Many residents of Mabaruma, North West District have not seen a drop of water flowing from their taps since January.
Stabroek News was told yesterday that several communities in Mabaruma have been without running water for the past three months and residents said that even though there are pipelines set up in Mabaruma, there is still no running water.
All efforts to contact the Regional Vice-chairman Fermin Singh for comment yesterday proved futile, while residents griped about the shortage.
“Mabaruma people are suffering very much! We have to pay $5,000 for a tank full of water or we would have to use the trench water and that water nasty,” one man lamented.
He stated that residents without vehicles would have to pay the money, while those with vehicles would travel to a reservoir, some two miles away, to fetch water for their families.
“There are pipelines but I can’t remember when was the last time I got a bucket water out of it,” he said. He noted that in 2010, a main was set up and they were given water, but as the years past the water pressure gradually dropped. “First, we got bountiful water then it drop to barrel, then basin, then bucket and then bowl and now nothing,” he said.

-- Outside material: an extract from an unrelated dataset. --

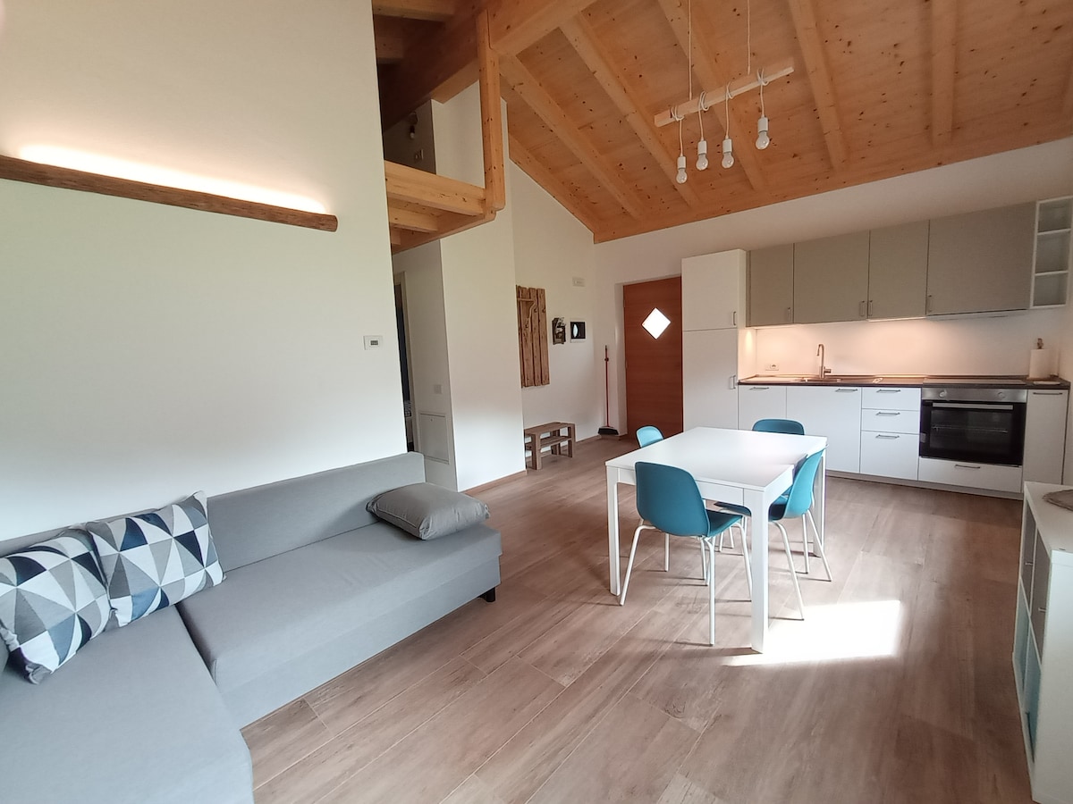 Udobna hiška na deželi, obdana z zelenjem. Odlična lokacija. Nahaja se 700 m od Bezzecca. V bližini kolesarske poti do jezera Ledro. Ograjena veranda z zelenimi površinami za svoje udobje in varnost vašega psa. Velika, sončna trata. V drugem nadstropju: opremljena kuhinja (hladilnik, pomivalni stroj, mikrovalovna pečica), dnevni prostor (TV) in kopalnica. Zgornje nadstropje: odprt prostor, ki se uporablja kot spalni prostor, z majhnim pisarniškim kotičkom in omrežjem Wi-Fi. Ogrevanje. Shramba za kolesa in zasebno parkirišče.

A mother of six said she found it hard to take care of her house and children without any potable water. She said she was afraid to use the trench water because it was dirty. “January was the last time I see a drop of water from my pipe,” she said, adding that the relevant authorities had visited the area and promised to resolve the situation but they never did.
“We complain till we fed up complain…all they do is promise and promise. We need water. Some of the people here have six and seven children in the house and they need water to wash their clothes and cook,” she said.

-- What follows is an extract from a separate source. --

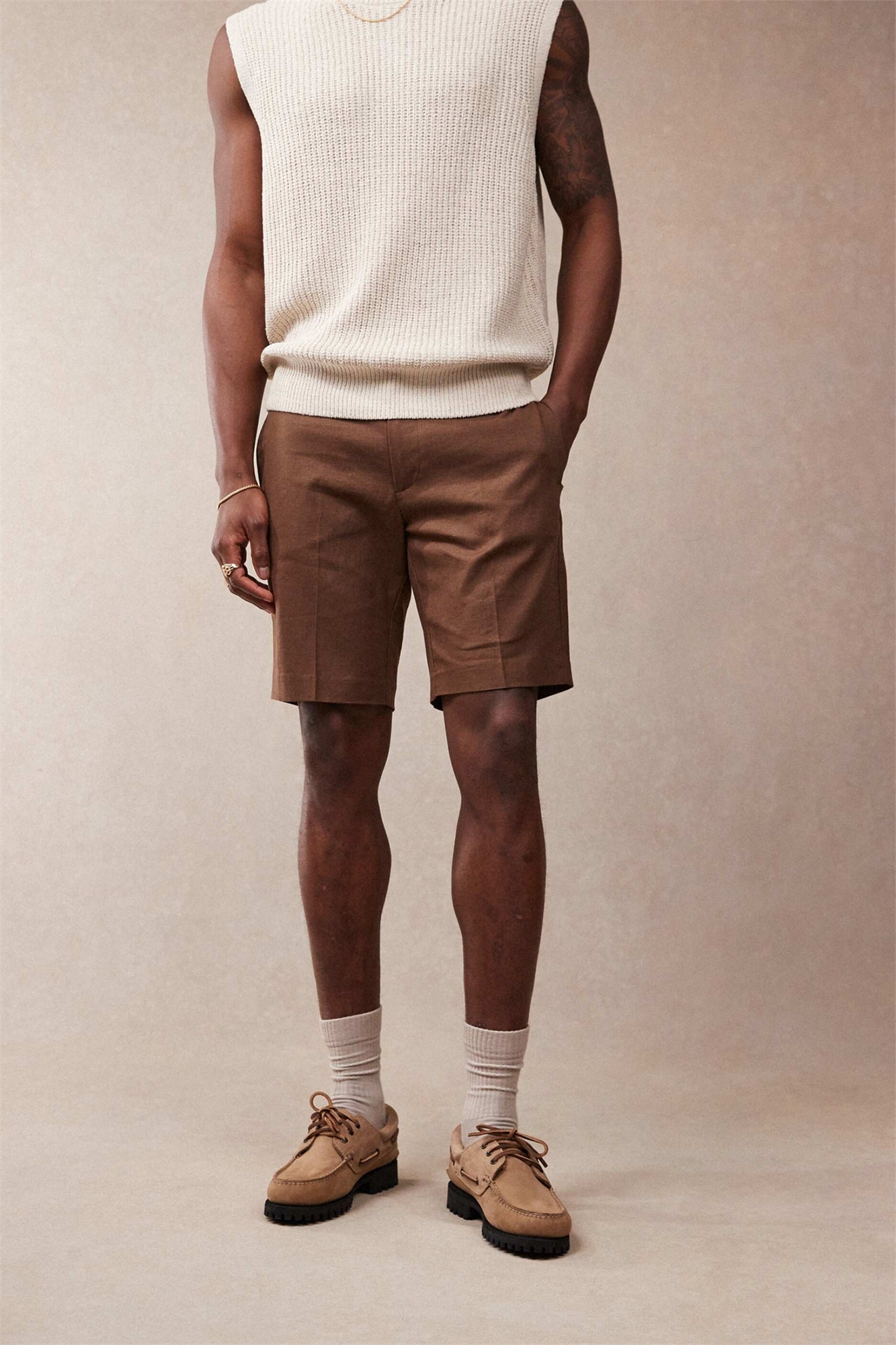 Стильные шорты из смесовой ткани с льняной вставкой, облегающего кроя

“Sometimes we take a chance with the trench water but it’s not healthy for our children,” she added.
The woman said every day children would be seen walking miles to the reservoir to wash their school clothes.
On Saturday, the residents had complained that the hospital was without water and that they had to fetch it in buckets from creeks for patients.

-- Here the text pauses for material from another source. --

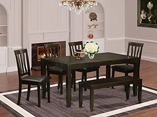 - This 7-piece dining set contains a dining table and 6 dining chairs, our dining set is comfortable in any dining area. The dinette set appears very elegant which can match any room decor. Offer a touch of beauty to your dining area with our dining set.

Singh had denied being aware of any water shortage. “As far as I’m aware the hospital is getting adequate water. The water might have been turned off for a couple hours to prepare the well for the filtering of the water system at the hospital,” he said. The official said that the staff at the hospital might have failed to inform the patients in the hospital about the system being turned off.
A source had related to Stabroek News that people were taking bottled water for their relatives to drink at the hospital since there was no water for them to bathe with or drink.